:: Input data ::

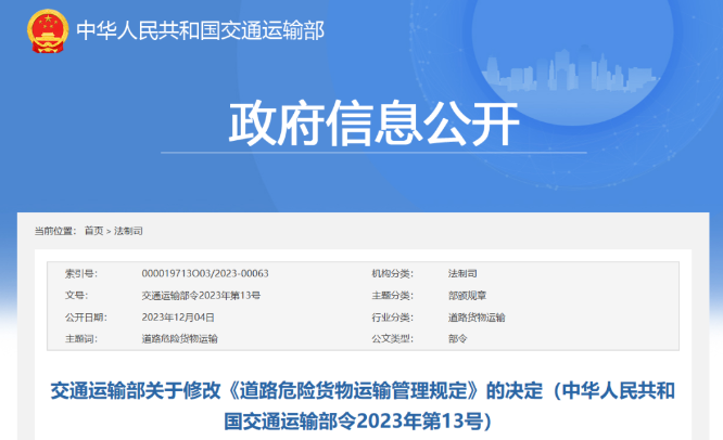 近日,國(guó)務(wù)院發(fā)布《關(guān)于修改和廢止部分行政法規(guī)的決定》(國(guó)務(wù)院令第764號(hào),以下簡(jiǎn)稱(chēng)《決定》),對(duì)《中華人民共和國(guó)道路運(yùn)輸條例》作出修改。 為落實(shí)《決定》要求,交通運(yùn)輸部對(duì)《道路危險(xiǎn)貨物運(yùn)輸管理規(guī)定》進(jìn)行了相應(yīng)修改,取消了“對(duì)道路危險(xiǎn)貨物運(yùn)輸企業(yè)或者單位不按照規(guī)定隨車(chē)攜帶道路運(yùn)輸證行為的罰款”。 此外,依據(jù)國(guó)家機(jī)構(gòu)改革部署,對(duì)部分機(jī)構(gòu)名稱(chēng)進(jìn)行了相應(yīng)修改;依據(jù)近兩年新頒布實(shí)施的《中華人民共和國(guó)安全生產(chǎn)法》,對(duì)處罰規(guī)定進(jìn)行了梳理和調(diào)整,以與上位法保持一致;根據(jù)近兩年標(biāo)準(zhǔn)修改、廢止情況,對(duì)引用的標(biāo)準(zhǔn)名稱(chēng)進(jìn)行了相應(yīng)更新。 詳情如下: 一、將第三條中的“《危險(xiǎn)貨物品名表》(GB 12268)”、第四條中的“《危險(xiǎn)貨物分類(lèi)和品名編號(hào)》(GB 6944)”“《危險(xiǎn)貨物品名表》(GB 12268)”“《危險(xiǎn)貨物運(yùn)輸包裝通用技術(shù)條件》(GB 12463)”修改為“《危險(xiǎn)貨物道路運(yùn)輸規(guī)則》(JT/T 617)”。 二、將第七條第二款修改為:“縣級(jí)以上地方人民政府交通運(yùn)輸主管部門(mén)(以下簡(jiǎn)稱(chēng)交通運(yùn)輸主管部門(mén))負(fù)責(zé)本行政區(qū)域的道路危險(xiǎn)貨物運(yùn)輸管理工作”;刪去第三款。 三、將第九條、第十一條中的“安全生產(chǎn)監(jiān)督管理部門(mén)”修改為“應(yīng)急管理部門(mén)”。 四、將第十條中的“工商行政管理機(jī)關(guān)”修改為“市場(chǎng)監(jiān)督管理部門(mén)”。 五、刪去第八條第一項(xiàng)第6目中的“質(zhì)量檢驗(yàn)部門(mén)”、第二十三條、第二十四條第三款中的“質(zhì)量檢驗(yàn)部門(mén)出具的”。 六、將第三十六條、第四十四條中的“《汽車(chē)運(yùn)輸危險(xiǎn)貨物規(guī)則》(JT 617)”“《汽車(chē)運(yùn)輸、裝卸危險(xiǎn)貨物作業(yè)規(guī)程》(JT 618)”修改為“《危險(xiǎn)貨物道路運(yùn)輸規(guī)則》(JT/T 617)”。 七、第四十八條改為第四十七條,將其中的“安全生產(chǎn)監(jiān)督管理部門(mén)和環(huán)境保護(hù)、衛(wèi)生主管部門(mén)”修改為“應(yīng)急管理部門(mén)和生態(tài)環(huán)境、衛(wèi)生健康主管部門(mén)”。 八、第五十六條改為第五十五條,將其中的“有違法所得的”修改為“違法所得超過(guò)2萬(wàn)元的”。 九、刪去第五十九條。 十、第六十一條改為第五十九條,修改為:“違反本規(guī)定,道路危險(xiǎn)貨物運(yùn)輸企業(yè)或者單位未配備專(zhuān)職安全管理人員的,由交通運(yùn)輸主管部門(mén)依照《中華人民共和國(guó)安全生產(chǎn)法》的規(guī)定進(jìn)行處罰! 十一、將“道路運(yùn)輸管理機(jī)構(gòu)”“道路危險(xiǎn)貨物運(yùn)輸管理機(jī)構(gòu)”“縣級(jí)以上道路運(yùn)輸管理機(jī)構(gòu)”統(tǒng)一修改為“交通運(yùn)輸主管部門(mén)”。 條文序號(hào)和個(gè)別文字作相應(yīng)修改。 本決定自公布之日起施行。 《道路危險(xiǎn)貨物運(yùn)輸管理規(guī)定》根據(jù)本決定作相應(yīng)修正,重新公布。
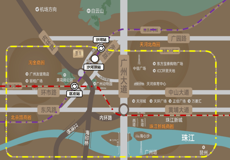 20分钟内可抵达环市东、珠江新城、北京路、白云新城等主轴商圈,周边环伺太古汇、万菱汇、正佳广场、天河城购物中心、ICC环贸天地等大型综合商业,满足多元消费需求。
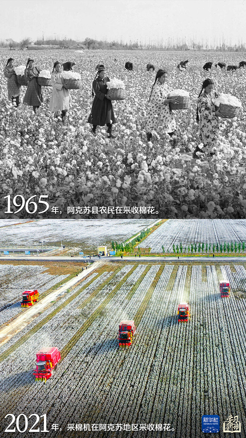 我們選取成就展上的一組照片,通過新舊對(duì)比,用鮮活的事實(shí)展現(xiàn)新疆取得的輝煌成就,一起感受翻天覆地的發(fā)展變化。

:::

● To do:
If pictures appear, drop them, and retype exactly the lines from the "20分钟内可抵达环市东、珠江" line through the last line of the data above.

● Exercise solution:
 20分钟内可抵达环市东、珠江新城、北京路、白云新城等主轴商圈,周边环伺太古汇、万菱汇、正佳广场、天河城购物中心、ICC环贸天地等大型综合商业,满足多元消费需求。
 我們選取成就展上的一組照片,通過新舊對(duì)比,用鮮活的事實(shí)展現(xiàn)新疆取得的輝煌成就,一起感受翻天覆地的發(fā)展變化。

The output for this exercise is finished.